Nice job with the word, “that”. My second least favourite word is pillow. It is just weak, unimaginative and oddly hard to pronounce for some . . . myself included.
Ha! That one came up in our novel-writing support group (which is desperately similar to Bob Newhart’s group therapy sessions). I let it go, but then spent the next 20 minutes running it through my head. What the Hell does that mean?
Demur and coy are one thing, but I think that one is just deceptive.

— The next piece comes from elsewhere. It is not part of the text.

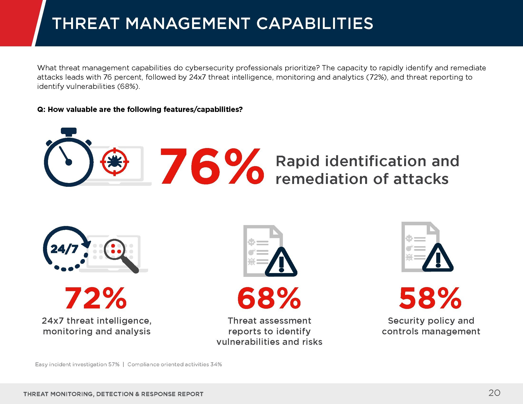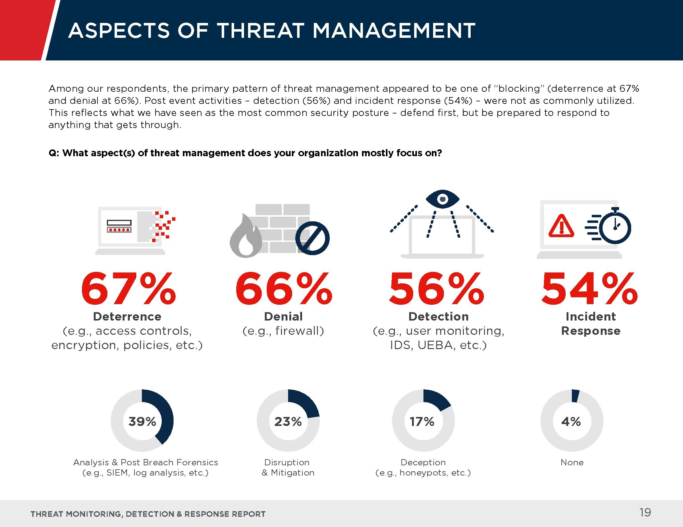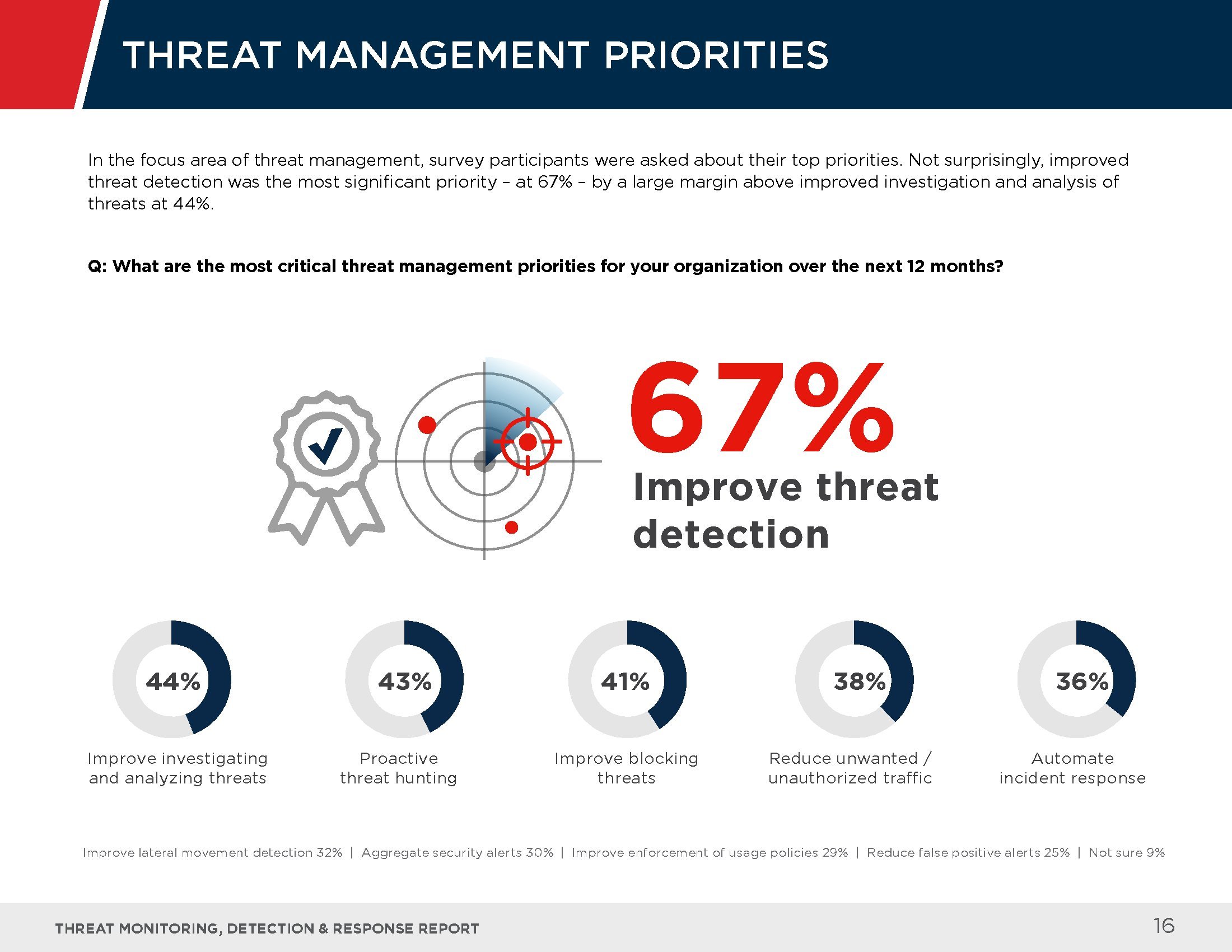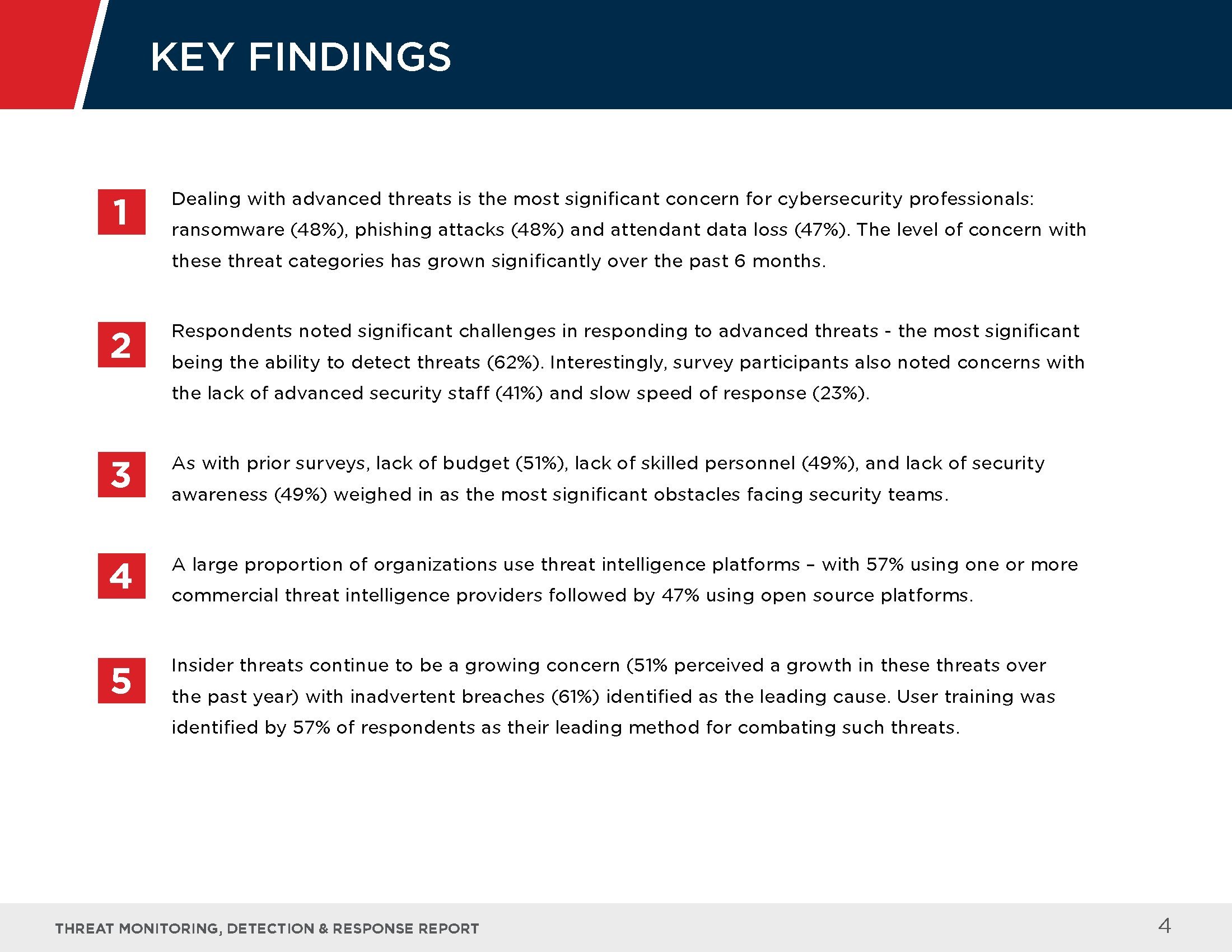 受访者指出了应对这些高级威胁的最大挑战,其中包括检测威胁的能力(62%)、缺乏先进的安保人员(41%),以及反应速度缓慢(23%)等。

Self-deceptive, even.
I’m amused by how many of you hate the “C” word. It’s very useful, even if it’s the one swear word you still have to use carefully. It describes a dangerously self-centered woman in a unique way, one that can’t be replaced without losing the impact. I only use it about once a year, but I enjoy it when I do.
Besides, as the late George Carlin said, it stands alone … it’s a word with real power to it. I could see fearing it, but hating it? Naw.
Oh well, enough of the pale male perspective for one day.
I agree. When I started work at a library, the patrons did not check in books. They discharged books. That is just gross, and probably a little unhealthy.
Put together with my other least favorite word you get the phrase my wife used to shut me up… “moist discharge.”
First, I love most words folks find obscene. Blame my ODD! The C-word, the F-word . . . all of them are very expressive. Though, I have to admit to using them much more orally than in writing. As a copyeditor for a Fantasy genre magazine, I run into ‘st’ words all too often. I think I’m developing an allergy to “amongst”! That’s my least favorite word. Also hate anything with that stupid ‘st’ stuck onto it. Like “amidst” for amid. It’s nearly as bad as the use of superfluous “al” suffixes on words like “scientific” into “scientifical”. Bugs the bejeesus out of me. I’m also in the camp that despises “intellectualized” gargage like ‘utilize’ to mean ‘use’. That’s more of a speech thing, though, as certain insecure folks tend to think that three-syllable words sound more edumacatedal than a one-syllable word. I’m also in the camp with those who find it disgusting when people twist language to make it “cutsie”. I loathe baby talk (except, of course, from the mouths of babes). I’m intrigued though that most of the responses here are more centered on concept than word. {shrugging, a thought bubble appears above the writer: “do I mention here my loathing for expressive metadiscourse in electronic mediums (that’s “media”, dumb butt!)?} David
Offense alert. Don’t read if you are easily offended. You go the C-word and the p-word for women’s anatomy. I worked with guys who called it Snatch. Used to drive me nuts.
Hmmmm…. the word that gets me every time is guardian. It took me years to stop spelling it as “gaurdian”. I’ve always wanted to put the “a” before the “u”. Even when I look at it now it looks right. Yep. That’s my vote for least favorite word.
No contest: webinar. OK, maybe it is a contest with a couple other corporate constructs, the much-hated l10n (localization) and its partner, i18n (internationalization). I h2e those w3s!
Two of my mom’s favorite words are “irregardless” and “ironical.” No matter how many times I correct her by saying “regardless” and “ironic,” she still manages to use both words at least once during every conversation. It makes me want to cry.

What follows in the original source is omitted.